A new artificial intelligence (AI) model can help doctors detect pancreatic cancer up to three years before physicians typically spot tumors on CT scans, a new study suggests.
The program, described April 28 in the journal Gut, was used to analyze almost 2,000 CT scans that had been previously cleared as "normal," bearing no signs of disease. The tool identified tiny irregularities in the structure of the pancreas that later developed into tumor tissue.
Early detection is the single biggest factor in pancreatic cancer patients' survival. Therefore, the model could potentially enable physicians to begin effective treatment while the disease is still curable, the study authors said.
A chance to detect cancer early
Pancreatic cancer is one of the deadliest cancers.
"The five-year survival rate [in the U.S.] is about 12% to 13% because of our inability to detect it at a time when therapeutic options could work their magic," study co-author Dr. Ajit Goenka, a radiologist and nuclear medicine specialist at the Mayo Clinic in Rochester, Minnesota, told Live Science. The early stages of pancreatic cancer often don't trigger any symptoms, so the disease is often advanced at the point of diagnosis.

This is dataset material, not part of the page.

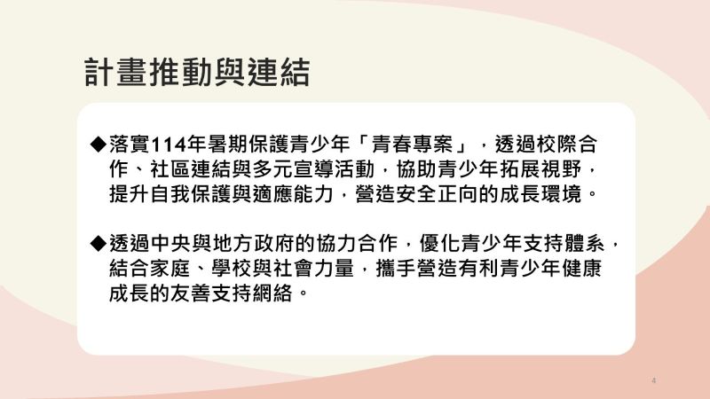 一、為守護青少年於暑期的身心安全,中央與地方政府共同辦理「青春專案」,並透過校園、家庭與社會的聯合力量,強化宣導教育、預防介入與多元參與機會,引導青少年度過充實且安全的假期生活。

Although doctors' ability to catch and treat many other cancers has improved in recent decades, no corresponding breakthrough has been seen in pancreatic cancer. Diagnosis typically involves a combination of tissue sampling and imaging tests, including CT scans. But by the time tumors are visible via these methods, the cancer is often terminal.
However, there may be earlier markers of the disease.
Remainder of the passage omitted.